• GIVEN INFORMATION:
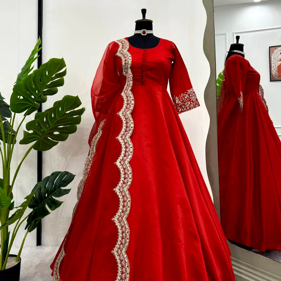 Product Name:Tapeta Silk Sequence Embroidery Gown With Dupatta
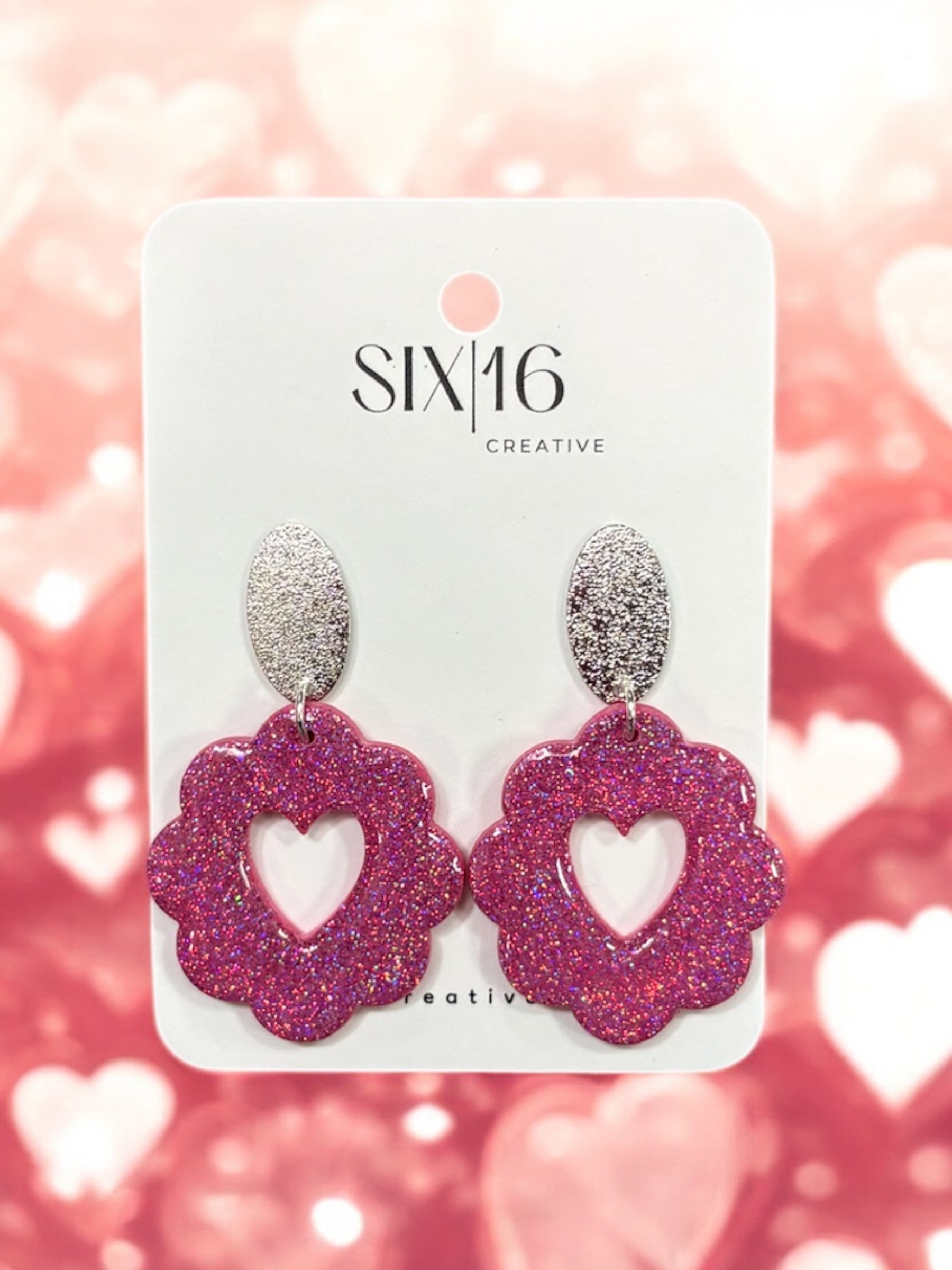 Pink glitter scallop heart polymer clay earrings on a stainless steel silver oval. Earring length is approximately 2 inches.
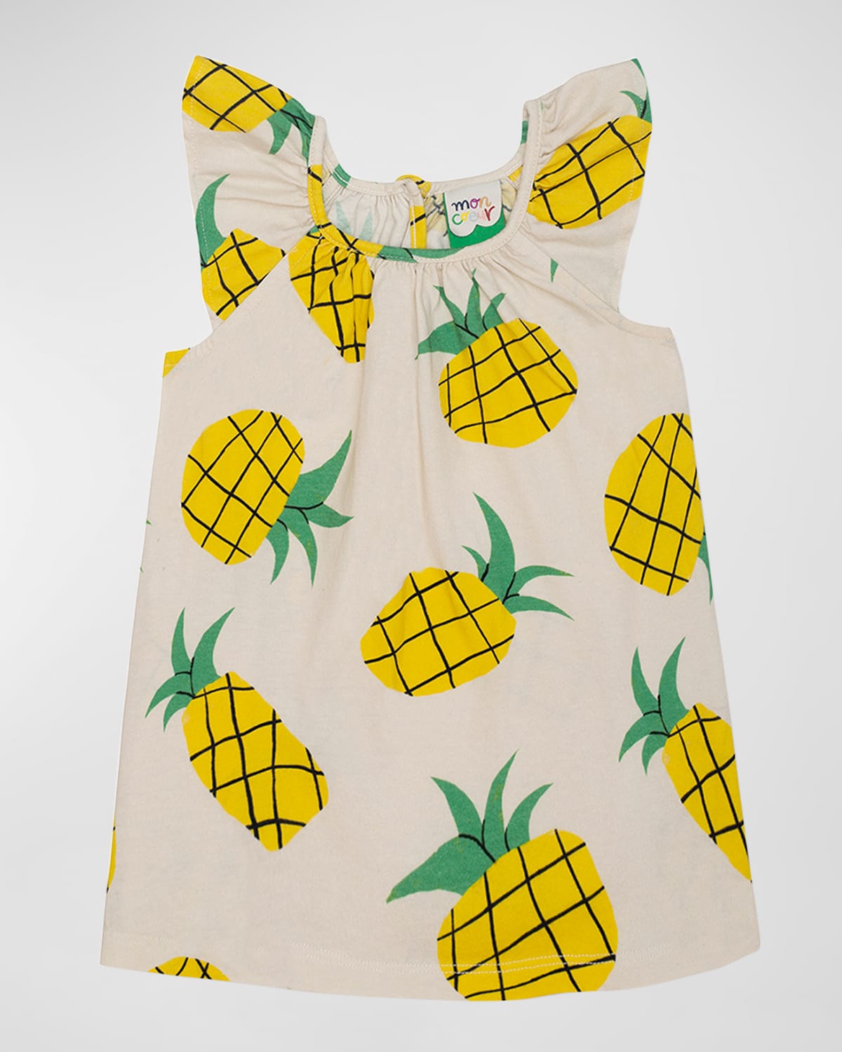 Mon Couer dress with graphic pineapple motif Made from upcycled and recycled materials Round neckline Cap sleeves Button closure at back Slipover style Hem hits around the knee Aline silhouette Cotton Machine wash cold, machine wash line dry Made in Portugal

• WHAT IS BEING ASKED: Please retype the whole of the data precisely, omitting pictures.

• EXERCISE RESPONSE:
 Product Name:Tapeta Silk Sequence Embroidery Gown With Dupatta
 Pink glitter scallop heart polymer clay earrings on a stainless steel silver oval. Earring length is approximately 2 inches.
 Mon Couer dress with graphic pineapple motif Made from upcycled and recycled materials Round neckline Cap sleeves Button closure at back Slipover style Hem hits around the knee Aline silhouette Cotton Machine wash cold, machine wash line dry Made in Portugal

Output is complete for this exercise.